The classification could represent a black eye for the industry.

An international health agency is investigating possible links between red meat and cancer, and industry officials are preparing to challenge the findings when they're released later this year.

The International Agency for Research on Cancer — an arm of the World Health Organization — is expected to issue its report in October after beginning efforts to identify the connection between red and processed meats and cancer last year.

Betsy Booren, vice president for scientific affairs for the North American Meat Institute, recently conceded that she believes the agency will link red meat to cancer in some form and characterized the ongoing investigation as "our 12-alarm fire."

"That moniker will stick around for years," Booren told an industry conference according to a report by Quartz. "It could take decades and billions of dollars to change that."

Booren also said that a classification of "possibly carcinogenic to humans" — the IARC's third-highest on its scale — would likely qualify as a win for the industry.

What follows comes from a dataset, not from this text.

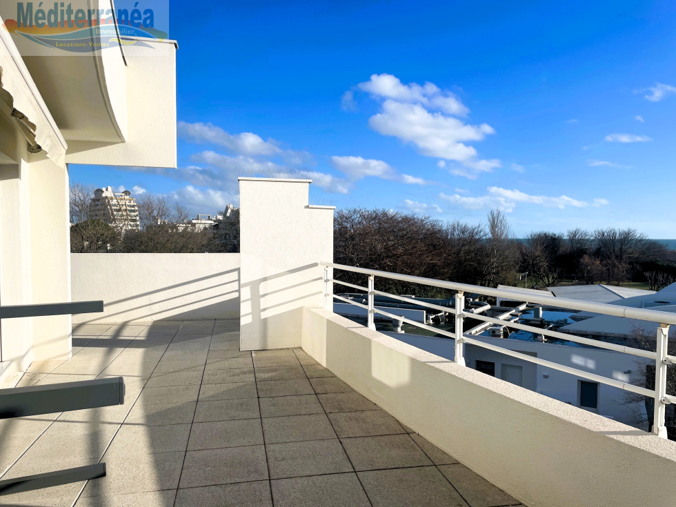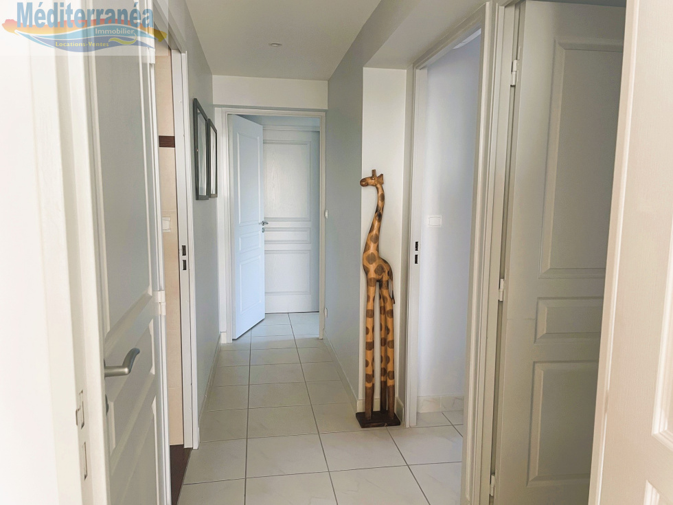 EXCLUSIVITE . Motte du Couchant. Vous serez séduit par ce magnifique appartement de 4 pîèces - 3 chambres - situé au dernier étage d'une résidence de standing, sécurisée, avec ascenseur allant du garage jusqu'à l'accès de l'appartement, parfaitement entretenue et très proche de la plage. La rareté du BIEN est à souligner : 105M² carrez répartis en une partie jour et une partie nuit . Une terrasse de plus de 78M² fait le tour de l'appartement , ce qui fait que chaque pièce a un accès direct sur celle-ci et qu'à chaque moment de la journée vous bénéficiez au choix du soleil ou de l'ombre ! L'agencement est idéal : unne belle entrée , un salon séjour très lumineux ouverts sur la cuisine parfaitement équipée totalisant près de 50M² !! Une arrière cuisine permet de mutiplier les rangements et d'y entreposer les machines tels que congélateur , machine à laver le linge etc.. La partie nuit est composée de 3 grandes chambres avec chacune ses grands placards. L'une de ces 3 chambres est une suite parentale avec salle de bain dotée d'une fenêtre: baignoire, double vasque et wc séparés. Indépendamment de la suite parentale, il a été prévu 2 salles d'eau , et un WC indépendants. L'appartement est extrêmement lumineux, doté de toutes les prestations : volets électriques, bonnes solaires électriques, double vitrage , climatisation dans chaque chaque pièce ...La terrasse est superbe et vous permet de profiter d'une vue dégagée sur la mer . Le garage de 40 M² est un atout certain et fait bien des envieux... , bien entendu avec l'appartement est aussi vendue la place de parking privative.Voilà un BIEN exceptionnel que j'aurai plaisir à vous faire présenter. Vous souhaitez visiter ? merci de me contacter: Béatrice Dumont : 06.60.90.12.09.

The IARC rates substances from known carcinogens to those unlikely to be carcinogenic. Possible carcinogens include a wide range of common substances, but the classification would still represent a black eye for the industry.

The NAMI earlier this year pushed back hard against recommendations from U.S. officials that Americans curb their consumption of red and processes meats, and Booren said a similar effort would likely follow the IARC finding.

Booren, however, reportedly said that the IARC issue "is going to make the Dietary Guidelines (process) look easy" by comparison.